12 May 2021, 09:24 GMT+10

Analyzing the content of your competitors will offer you valuable insights concerning your operations and goals. This basic Python script can provide you with data on n-Grams in seconds.

This Python Script may be an elementary version of a content analysis of your competitor. The most plan is to induce a fast summary of what the writing focus appearance like. A lean approach is to fetch all computer addresses within the sitemap, take apart the URL slugs and run an n-Gram analysis on it. If you would like to understand a lot about n-Gram analysis, please even have a glance at our Free N-Gram Tool. you'll apply it not just for computer address however conjointly keywords, titles, and so on

As a result, you'll get a listing of used n-Grams within the URL slugs along with the number of pages that used this n-Gram.
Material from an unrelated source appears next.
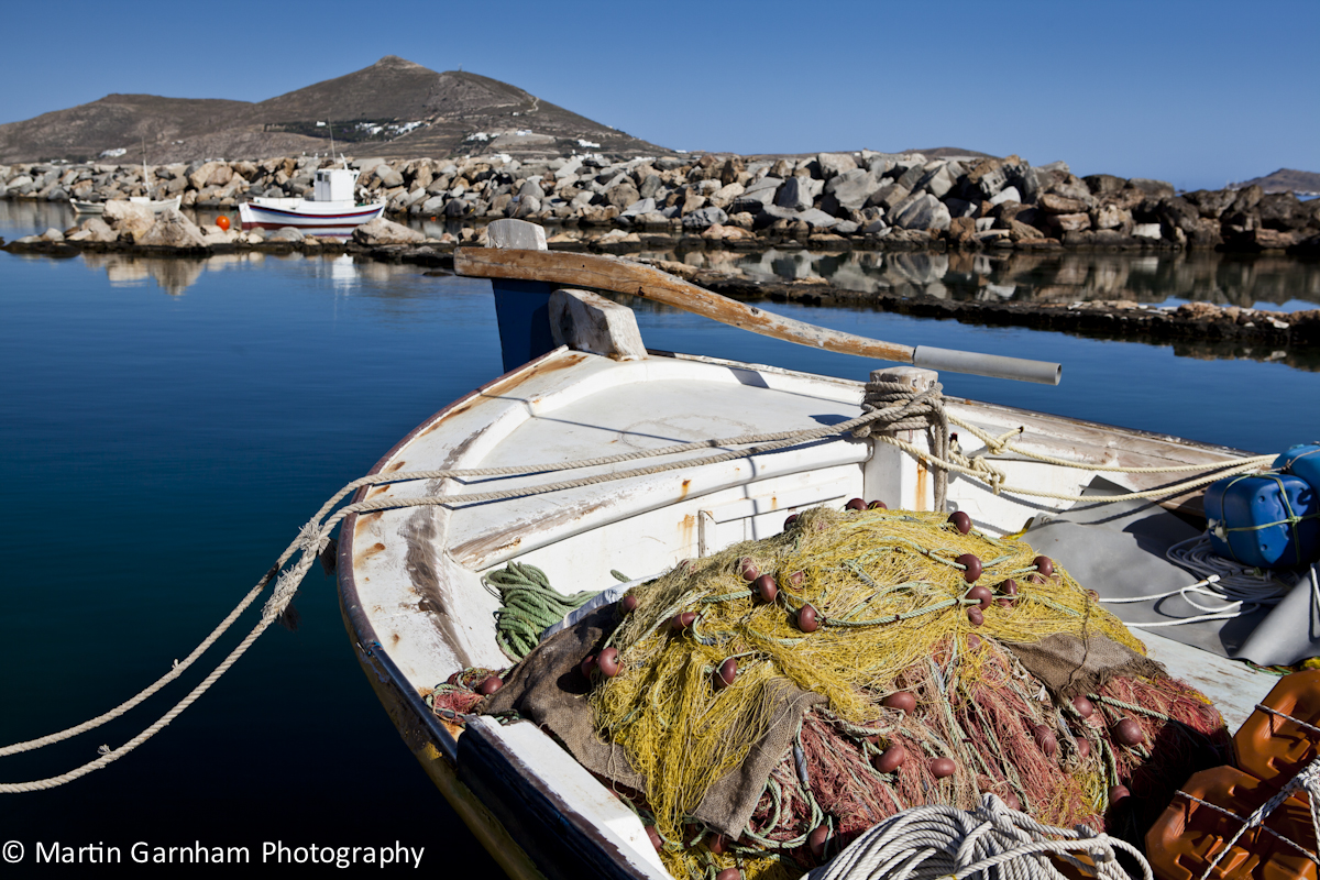 Fishing boats in the port and town of Naoussa in Paros, Greece.

This analysis will solely take a couple of seconds, even on massive sitemaps, and can run with lower than fifty lines of code.

Additional approaches

If you would like to induce deeper insights, I will suggest traveling on with these approaches:

  • Fetch the content of every universal resource locator within the sitemap
  • Create n-Grams found in headlines
  • Create n-Grams found in the content
  • Extract keywords with Textrank or Rake
  • Extract familiar entities for your SEO business

But let's begin easy and take a primary consider the hollow with this script. Supported your feedback, I could add a lot of refined approaches. Before you run the script, you simply have to be compelled to enter the sitemap URL you want to analyze. Once running the script, you'll notice your leads to sitemap_ngrams.csv. Open it in Excel or Google Sheets and make merry with analyzing the data.

Here is the Python code:

# Sitemap Content Analyzer

# Author: Stefan Neefischer

import advertools as adv

import pandas as pd

def sitemap_ngram_analyzer(site):

sitemap = adv.sitemap_to_df(site)

sitemap = sitemap.dropna(subset=["loc"]).reset_index(drop=True)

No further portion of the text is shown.